* [Directions]:
What the answer must contain is every line of the records, exactly, with no pictures.

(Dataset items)
Start of Block

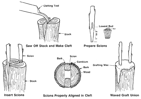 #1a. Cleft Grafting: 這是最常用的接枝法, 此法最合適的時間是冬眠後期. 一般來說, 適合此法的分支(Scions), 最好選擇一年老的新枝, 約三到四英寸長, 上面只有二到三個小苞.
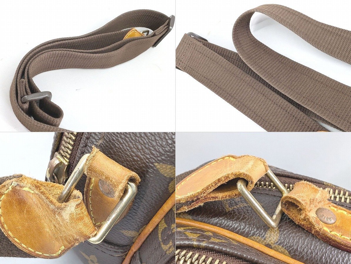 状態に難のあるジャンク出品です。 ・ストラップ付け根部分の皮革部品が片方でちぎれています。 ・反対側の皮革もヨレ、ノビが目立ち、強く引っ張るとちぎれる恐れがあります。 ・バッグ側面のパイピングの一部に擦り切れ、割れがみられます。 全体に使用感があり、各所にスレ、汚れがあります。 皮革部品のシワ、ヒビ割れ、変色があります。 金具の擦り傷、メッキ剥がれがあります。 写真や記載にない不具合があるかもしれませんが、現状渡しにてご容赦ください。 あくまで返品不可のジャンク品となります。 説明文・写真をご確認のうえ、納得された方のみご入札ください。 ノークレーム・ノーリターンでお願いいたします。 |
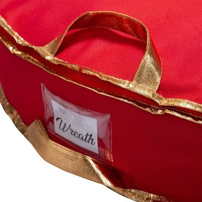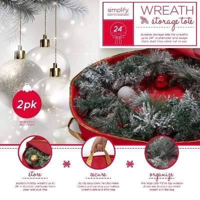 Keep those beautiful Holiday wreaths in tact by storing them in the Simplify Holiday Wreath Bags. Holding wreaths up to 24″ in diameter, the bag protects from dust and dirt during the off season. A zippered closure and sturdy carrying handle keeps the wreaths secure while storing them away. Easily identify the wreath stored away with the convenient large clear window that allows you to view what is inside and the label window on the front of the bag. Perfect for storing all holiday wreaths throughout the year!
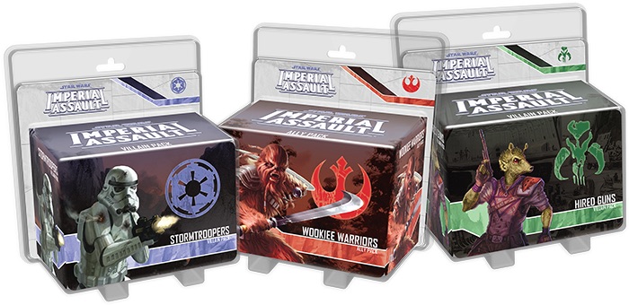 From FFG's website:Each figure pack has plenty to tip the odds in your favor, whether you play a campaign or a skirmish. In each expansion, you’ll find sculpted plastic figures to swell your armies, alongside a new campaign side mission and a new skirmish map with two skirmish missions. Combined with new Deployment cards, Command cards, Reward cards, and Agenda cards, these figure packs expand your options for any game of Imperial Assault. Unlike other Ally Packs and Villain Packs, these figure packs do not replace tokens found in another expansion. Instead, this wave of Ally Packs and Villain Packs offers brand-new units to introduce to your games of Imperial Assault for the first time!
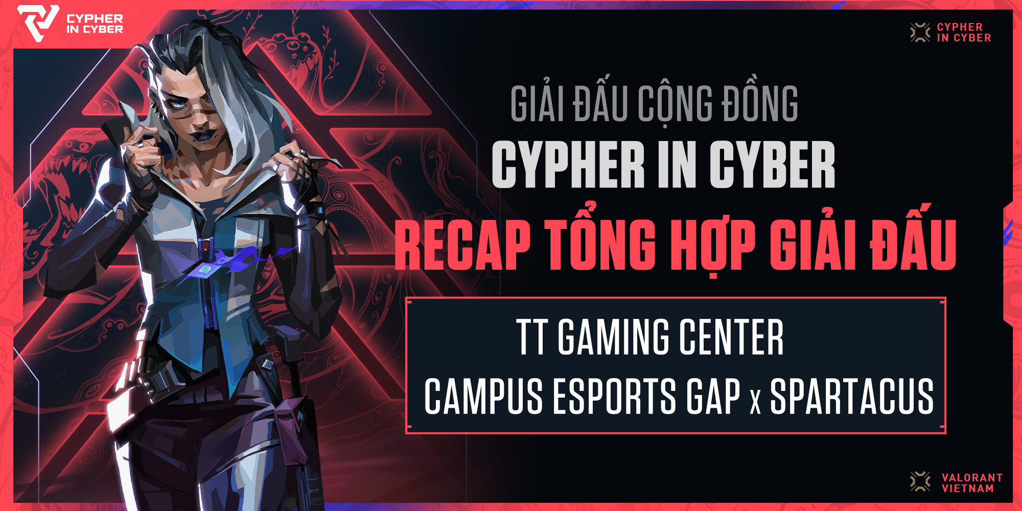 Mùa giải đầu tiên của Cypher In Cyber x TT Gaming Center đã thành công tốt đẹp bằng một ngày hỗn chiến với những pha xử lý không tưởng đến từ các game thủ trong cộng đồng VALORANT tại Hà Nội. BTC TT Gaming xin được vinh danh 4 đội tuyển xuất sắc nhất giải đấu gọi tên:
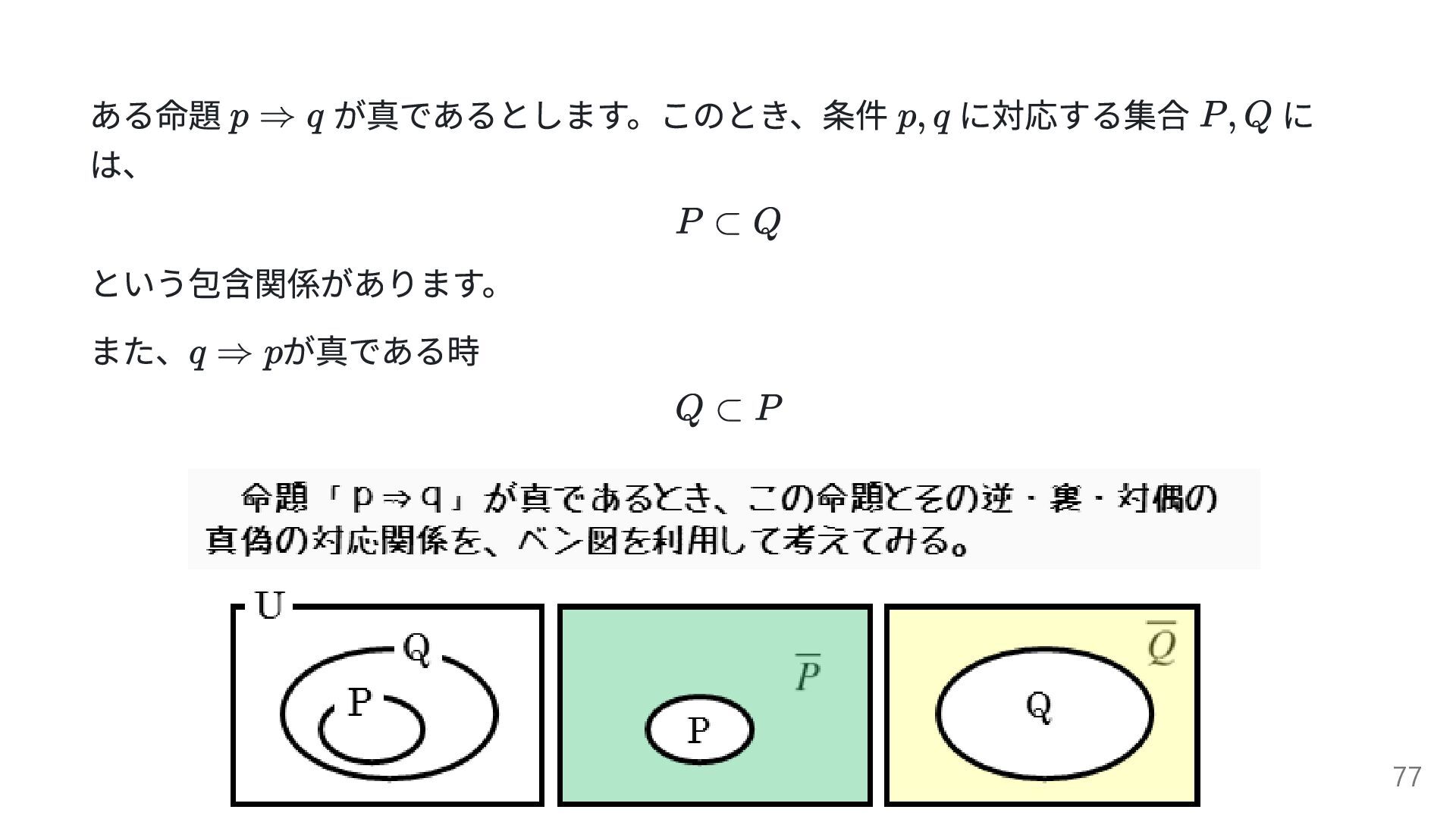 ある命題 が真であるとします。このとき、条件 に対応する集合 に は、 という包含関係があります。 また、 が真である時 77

End of Block

* [Answer for the task]:
 #1a. Cleft Grafting: 這是最常用的接枝法, 此法最合適的時間是冬眠後期. 一般來說, 適合此法的分支(Scions), 最好選擇一年老的新枝, 約三到四英寸長, 上面只有二到三個小苞.
 状態に難のあるジャンク出品です。 ・ストラップ付け根部分の皮革部品が片方でちぎれています。 ・反対側の皮革もヨレ、ノビが目立ち、強く引っ張るとちぎれる恐れがあります。 ・バッグ側面のパイピングの一部に擦り切れ、割れがみられます。 全体に使用感があり、各所にスレ、汚れがあります。 皮革部品のシワ、ヒビ割れ、変色があります。 金具の擦り傷、メッキ剥がれがあります。 写真や記載にない不具合があるかもしれませんが、現状渡しにてご容赦ください。 あくまで返品不可のジャンク品となります。 説明文・写真をご確認のうえ、納得された方のみご入札ください。 ノークレーム・ノーリターンでお願いいたします。 |
 Keep those beautiful Holiday wreaths in tact by storing them in the Simplify Holiday Wreath Bags. Holding wreaths up to 24″ in diameter, the bag protects from dust and dirt during the off season. A zippered closure and sturdy carrying handle keeps the wreaths secure while storing them away. Easily identify the wreath stored away with the convenient large clear window that allows you to view what is inside and the label window on the front of the bag. Perfect for storing all holiday wreaths throughout the year!
 From FFG's website:Each figure pack has plenty to tip the odds in your favor, whether you play a campaign or a skirmish. In each expansion, you’ll find sculpted plastic figures to swell your armies, alongside a new campaign side mission and a new skirmish map with two skirmish missions. Combined with new Deployment cards, Command cards, Reward cards, and Agenda cards, these figure packs expand your options for any game of Imperial Assault. Unlike other Ally Packs and Villain Packs, these figure packs do not replace tokens found in another expansion. Instead, this wave of Ally Packs and Villain Packs offers brand-new units to introduce to your games of Imperial Assault for the first time!
 Mùa giải đầu tiên của Cypher In Cyber x TT Gaming Center đã thành công tốt đẹp bằng một ngày hỗn chiến với những pha xử lý không tưởng đến từ các game thủ trong cộng đồng VALORANT tại Hà Nội. BTC TT Gaming xin được vinh danh 4 đội tuyển xuất sắc nhất giải đấu gọi tên:
 ある命題 が真であるとします。このとき、条件 に対応する集合 に は、 という包含関係があります。 また、 が真である時 77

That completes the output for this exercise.